Question

Question Help The overhead reach distances of adult females are normally distributed with a mean of 205.5 cm and standard deviation of 8.9 cm. a. Find the probability that an individual distance is greater than 218.00 cm. b. Find the probability that the mean for 15 randomly selected distances is greater than 203.70 cm. c. Why can the normal distribution be used in part (b), even though the sample size does not exceed 3 a. The probability is .. (Round to four decimal places as needed.)

Answer 1

Solution:

Part a

We are given

µ = 205.5

σ = 8.9

We have to find P(X>218)

P(X>218) = 1 - P(X<218)

Z = (X - µ) / σ

Z = (218 - 205.5) / 8.9

Z = 1.404494

P(Z<1.404494) = P(X<218) = 0.919914

(You can find this probability by using z-table/excel/calculator/etc.)

P(X>218) = 1 - P(X<218)

P(X>218) = 1 - 0.919914

P(X>218) = 0.080086

Required probability = 0.0801

Part b

We are given

µ = 205.5

σ = 8.9

n = 15

We have to find P(x̄ > 203.70)

P(x̄ > 203.70) = 1 - P(x̄ < 203.70)

Z = (X - µ) / [σ/sqrt(n)]

Z = (203.7 - 205.5) / (8.9/sqrt(15))

Z = -0.7833

P(Z<-0.7833) = P(x̄ < 203.70) = 0.216725

(You can find this probability by using z-table/excel/calculator/etc.)
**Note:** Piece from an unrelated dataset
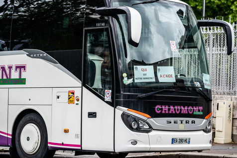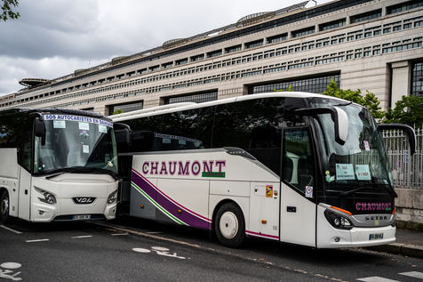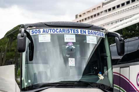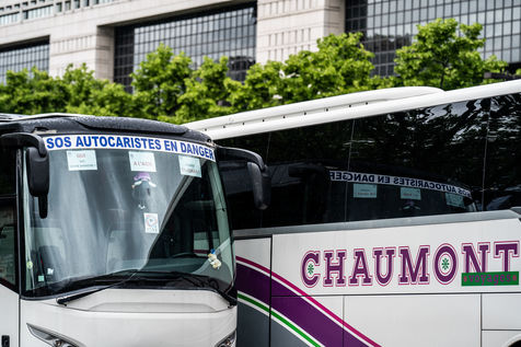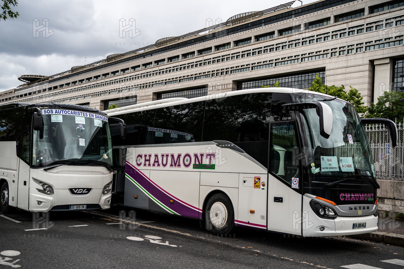 Demonstration organized by the CAI ( Independent Bus Operators Collective ) to ask for help at the doors of the Ministry of Economy and Finance of the French Republic, Paris 26 May 2021.

P(x̄ > 203.70) = 1 - P(x̄ < 203.70)

P(x̄ > 203.70) = 1 - 0.216725

P(x̄ > 203.70) = 0.783275

Required probability = 0.7833

Part c

We can use normal distribution in part b because the sampling distribution of sample mean follows normal distribution even though sample size is less than 30.